## Material provided:
=== Section Start ===

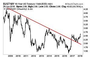 Rates continue to rise, though stocks remain oblivious. The yield on the 10-Year US Treasury continues to soar, with a confirmed breakout from its 10-year downtrend. Now, cynics would ask, “why does this matter? The yield is at the same level as it was in 2009, 2010, 2011, 2013, and 2014.” It matters because throughout
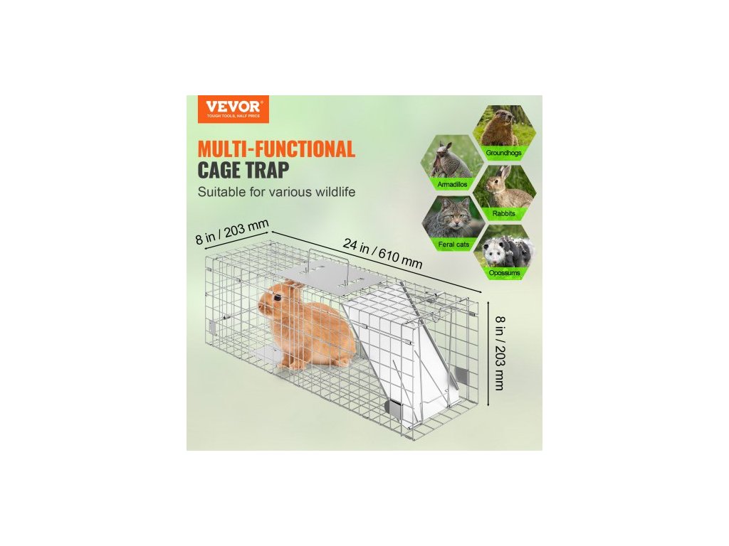 Past na živá zvířata v kleci, 61 x 20,3 x 20,3 cm, humánní past na kočky, pozinkované železo, skládací past na zvířata s rukojetí pro králíky, toulavé kočky, veverky, mývaly, sviště a vačice
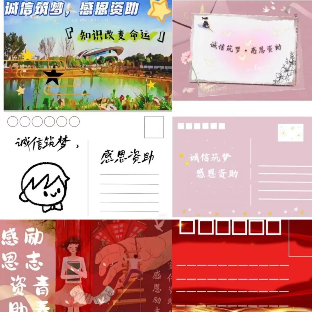 比赛期间,同学们的积极参加,通过明信片设计展现了对国家资助政策的深刻理解。参赛的作品,内容丰富,形式多样,画面主题鲜明,充分表达了广大学子感恩祖国、社会、学校的深厚感情。最后,经评委评选,陈怡含荣获一等奖,张晓杰、张玉靖荣获二等奖,黄舒琪、孟雨倩、庾娅萱荣获三等奖。

=== Section End ===

## What you need to do:
All of the material must be given again exactly, though no picture may appear in the copy.

## Reply:
 Rates continue to rise, though stocks remain oblivious. The yield on the 10-Year US Treasury continues to soar, with a confirmed breakout from its 10-year downtrend. Now, cynics would ask, “why does this matter? The yield is at the same level as it was in 2009, 2010, 2011, 2013, and 2014.” It matters because throughout
 Past na živá zvířata v kleci, 61 x 20,3 x 20,3 cm, humánní past na kočky, pozinkované železo, skládací past na zvířata s rukojetí pro králíky, toulavé kočky, veverky, mývaly, sviště a vačice
 比赛期间,同学们的积极参加,通过明信片设计展现了对国家资助政策的深刻理解。参赛的作品,内容丰富,形式多样,画面主题鲜明,充分表达了广大学子感恩祖国、社会、学校的深厚感情。最后,经评委评选,陈怡含荣获一等奖,张晓杰、张玉靖荣获二等奖,黄舒琪、孟雨倩、庾娅萱荣获三等奖。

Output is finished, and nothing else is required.